Verbrand water

Herinnering, kolonialiteit en landschap in Mexico-Stad

Jilt Jorritsma

Publicatiedatum: 27 januari 2022

In zijn roemruchte ‘Tweede brief uit Mexico’ (1520) beschreef Hernán Cortés, de conquistador die de Spaanse expeditie door Mexico leidde, zijn eerste kennismaking met de Azteekse hoofdstad Tenochtitlan aan koning Karel V. De ‘drijvende’ stad, die ‘half land, half water’ was en middenin het Texcocomeer lag, tartte zijn verbeeldingskracht: ‘Zelfs wij die deze dingen met onze eigen ogen hebben gezien, zijn toch zo verbaasd dat we niet in staat zijn hun realiteit te begrijpen.’ [1] In zijn karakterisering riep Cortés Spaanse steden als Sevilla, Salamanca, Córdoba en Granada op, plaatsen waar zijn Europese lezers misschien bekend mee waren en die ze zich gemakkelijker voor de geest konden halen. [2] De Spaanse kolonisten die aan het begin van de zestiende eeuw in Mexico arriveerden gebruikten hun thuisland als referentiepunt om betekenis te geven aan de landschappen die ze in de Nieuwe Wereld aantroffen. Een ‘nieuw’ en onbekend gebied veranderde op die manier in een manke reproductie van een bestaande plek, een kopie die nooit in zijn eigen schoonheid kon bestaan.

Bij vergelijkingen bleef het niet. Nadat de Spanjaarden Tenochtitlan in 1521 belegerden en verwoestten, en haar omdoopten tot Mexico-Stad, veranderde haar vorm drastisch. De stad werd een hub in een overzees rijk van de Habsburgse dynastie. En de nieuwe Spaanse overheersers hadden een heel andere opvatting van hoe natuur en mens samenleefden en hoe landschappen zich dienden te gedragen. Ze probeerden de droge en dorre Iberische omgeving die ze kenden van thuis na te maken in een compleet andere context. Daar waar de Azteken samenleefden met het water, afhankelijk waren van een systeem van dijken en kanalen, en rekening hielden met periodieke overstromingen, probeerden de Spanjaarden het natte decor juist te bedwingen. Hun oorlog met het water leidde aanvankelijk tot ernstige overstromingen (door uitdroging kan de grond namelijk minder water opnemen), waarna de waterbouwkundige Enrico Martínez door het koloniale bestuur werd belast met de uitvoering van el desagüe (‘de ontwatering’) – een plan om het meer rondom de stad volledig droog te leggen.

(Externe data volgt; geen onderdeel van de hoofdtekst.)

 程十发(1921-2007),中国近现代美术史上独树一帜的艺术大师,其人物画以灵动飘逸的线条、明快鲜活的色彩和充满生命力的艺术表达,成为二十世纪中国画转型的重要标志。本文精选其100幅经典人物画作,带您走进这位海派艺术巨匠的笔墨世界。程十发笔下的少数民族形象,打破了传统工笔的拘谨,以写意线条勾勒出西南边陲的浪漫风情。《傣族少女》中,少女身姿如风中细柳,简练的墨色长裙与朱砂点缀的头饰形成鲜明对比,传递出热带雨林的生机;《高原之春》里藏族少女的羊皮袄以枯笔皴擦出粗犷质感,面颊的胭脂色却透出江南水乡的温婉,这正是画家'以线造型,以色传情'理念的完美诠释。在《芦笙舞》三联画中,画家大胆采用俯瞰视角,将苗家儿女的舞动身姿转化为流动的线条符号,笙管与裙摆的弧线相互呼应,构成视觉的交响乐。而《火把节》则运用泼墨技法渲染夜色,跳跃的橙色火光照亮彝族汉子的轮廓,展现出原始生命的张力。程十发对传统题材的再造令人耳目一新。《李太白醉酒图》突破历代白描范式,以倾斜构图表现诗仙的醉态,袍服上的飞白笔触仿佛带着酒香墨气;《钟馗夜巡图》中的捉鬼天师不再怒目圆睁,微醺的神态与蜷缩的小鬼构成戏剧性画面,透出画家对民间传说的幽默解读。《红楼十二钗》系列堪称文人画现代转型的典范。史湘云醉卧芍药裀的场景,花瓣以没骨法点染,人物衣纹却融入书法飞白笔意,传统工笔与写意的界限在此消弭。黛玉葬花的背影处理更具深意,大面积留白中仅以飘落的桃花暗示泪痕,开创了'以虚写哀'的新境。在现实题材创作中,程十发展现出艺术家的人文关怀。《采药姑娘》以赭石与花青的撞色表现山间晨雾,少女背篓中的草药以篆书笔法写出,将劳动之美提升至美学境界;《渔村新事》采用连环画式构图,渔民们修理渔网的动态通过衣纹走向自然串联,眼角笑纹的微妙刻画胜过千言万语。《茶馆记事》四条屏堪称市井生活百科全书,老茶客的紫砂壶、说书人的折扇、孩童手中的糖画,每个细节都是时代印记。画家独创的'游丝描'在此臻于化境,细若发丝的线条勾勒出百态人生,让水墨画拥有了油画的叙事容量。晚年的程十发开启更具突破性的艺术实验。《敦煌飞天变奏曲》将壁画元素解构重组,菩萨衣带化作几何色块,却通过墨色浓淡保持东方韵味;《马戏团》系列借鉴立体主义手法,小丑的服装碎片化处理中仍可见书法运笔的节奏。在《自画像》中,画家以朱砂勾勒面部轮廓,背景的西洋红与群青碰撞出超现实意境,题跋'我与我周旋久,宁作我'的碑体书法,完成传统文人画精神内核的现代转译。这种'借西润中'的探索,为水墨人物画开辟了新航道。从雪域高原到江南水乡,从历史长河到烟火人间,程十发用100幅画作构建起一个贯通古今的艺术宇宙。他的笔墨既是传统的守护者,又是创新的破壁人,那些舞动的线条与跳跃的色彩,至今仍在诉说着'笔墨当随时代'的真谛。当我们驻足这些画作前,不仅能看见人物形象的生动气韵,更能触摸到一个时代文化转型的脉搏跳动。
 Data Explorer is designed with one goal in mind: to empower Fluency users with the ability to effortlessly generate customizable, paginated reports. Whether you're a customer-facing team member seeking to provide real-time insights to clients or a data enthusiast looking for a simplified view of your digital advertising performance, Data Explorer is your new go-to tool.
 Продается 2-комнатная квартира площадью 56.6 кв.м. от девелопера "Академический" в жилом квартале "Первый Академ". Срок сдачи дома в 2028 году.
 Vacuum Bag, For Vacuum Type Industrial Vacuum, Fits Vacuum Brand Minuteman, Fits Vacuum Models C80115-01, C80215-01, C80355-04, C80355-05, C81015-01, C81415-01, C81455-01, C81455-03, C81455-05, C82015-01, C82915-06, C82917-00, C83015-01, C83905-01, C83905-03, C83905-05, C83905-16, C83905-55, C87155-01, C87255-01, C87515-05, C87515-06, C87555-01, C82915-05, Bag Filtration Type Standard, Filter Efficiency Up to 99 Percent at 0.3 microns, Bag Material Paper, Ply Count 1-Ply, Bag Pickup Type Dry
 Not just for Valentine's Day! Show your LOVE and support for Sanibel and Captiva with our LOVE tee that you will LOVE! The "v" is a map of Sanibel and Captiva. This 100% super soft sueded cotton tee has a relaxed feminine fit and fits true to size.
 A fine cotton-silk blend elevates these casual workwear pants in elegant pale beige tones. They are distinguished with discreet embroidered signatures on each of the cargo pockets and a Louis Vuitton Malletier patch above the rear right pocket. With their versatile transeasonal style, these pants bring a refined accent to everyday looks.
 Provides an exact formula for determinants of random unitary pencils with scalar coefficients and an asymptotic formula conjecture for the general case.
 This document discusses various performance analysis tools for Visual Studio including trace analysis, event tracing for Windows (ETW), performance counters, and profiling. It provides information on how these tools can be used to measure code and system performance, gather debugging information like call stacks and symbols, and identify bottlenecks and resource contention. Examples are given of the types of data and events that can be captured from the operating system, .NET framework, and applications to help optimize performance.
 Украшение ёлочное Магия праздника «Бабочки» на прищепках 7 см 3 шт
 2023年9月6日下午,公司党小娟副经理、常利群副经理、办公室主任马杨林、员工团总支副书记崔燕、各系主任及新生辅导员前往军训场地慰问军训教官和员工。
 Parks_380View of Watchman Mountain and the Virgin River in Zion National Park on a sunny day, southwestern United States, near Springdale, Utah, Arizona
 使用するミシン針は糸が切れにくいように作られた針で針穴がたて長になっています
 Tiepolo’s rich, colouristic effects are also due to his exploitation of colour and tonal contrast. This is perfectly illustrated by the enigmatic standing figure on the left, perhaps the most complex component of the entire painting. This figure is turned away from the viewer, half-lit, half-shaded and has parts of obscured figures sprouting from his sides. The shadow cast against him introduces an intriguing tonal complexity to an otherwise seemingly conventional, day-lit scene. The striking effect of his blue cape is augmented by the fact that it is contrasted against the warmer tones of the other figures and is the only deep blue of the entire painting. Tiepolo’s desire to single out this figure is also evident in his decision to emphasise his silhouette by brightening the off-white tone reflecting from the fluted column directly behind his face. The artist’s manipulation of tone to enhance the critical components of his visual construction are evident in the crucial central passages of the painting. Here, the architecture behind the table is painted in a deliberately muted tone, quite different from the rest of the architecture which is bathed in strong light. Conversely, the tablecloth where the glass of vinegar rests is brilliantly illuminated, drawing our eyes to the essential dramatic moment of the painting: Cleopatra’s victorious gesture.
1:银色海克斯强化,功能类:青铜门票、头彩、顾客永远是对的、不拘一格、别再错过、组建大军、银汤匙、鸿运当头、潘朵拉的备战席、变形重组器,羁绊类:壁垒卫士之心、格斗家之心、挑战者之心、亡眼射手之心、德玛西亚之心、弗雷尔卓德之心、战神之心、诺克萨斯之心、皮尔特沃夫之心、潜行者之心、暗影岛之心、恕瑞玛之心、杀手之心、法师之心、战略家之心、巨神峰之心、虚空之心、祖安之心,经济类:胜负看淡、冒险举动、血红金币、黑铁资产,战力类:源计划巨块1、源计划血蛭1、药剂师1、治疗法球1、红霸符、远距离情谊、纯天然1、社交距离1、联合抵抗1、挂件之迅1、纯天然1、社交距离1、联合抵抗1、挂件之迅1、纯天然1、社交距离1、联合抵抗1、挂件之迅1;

In deze bijdrage wil ik laten zien hoe ruimtelijke ordening en (de)kolonialiteit met elkaar zijn verweven. Het begrip ontological design is daarbij van belang. Ontological design, zoals de Colombiaans-Amerikaanse antropoloog Arturo Escobar stelt, komt voort uit een schijnbaar eenvoudige observatie: via het ontwerpen van ruimten, objecten, beleid of zelfs verhalen creëren we tegelijkertijd bepaalde ‘zijnswijzen’. We ontwerpen een wereld, en die ontworpen wereld beïnvloedt ons vervolgens ook weer. [3] Zo zal ik aantonen dat de zestiende-eeuwse kolonisten de herinrichting van het landschap gebruikten om eurocentrische idealen, landschapsidealen en machtsstructuren op te voeren ten koste van Mexicaanse denkwijzen. En nu, vijf eeuwen later, gebruiken Mexicaanse schrijvers en landschapsarchitecten de verbeelding van de stedelijke ruimte om te breken met diezelfde koloniale en eurocentrische opvattingen en zijnswijzen die Mexico-Stad in een uitzichtloze situatie verzeild hebben doen raken.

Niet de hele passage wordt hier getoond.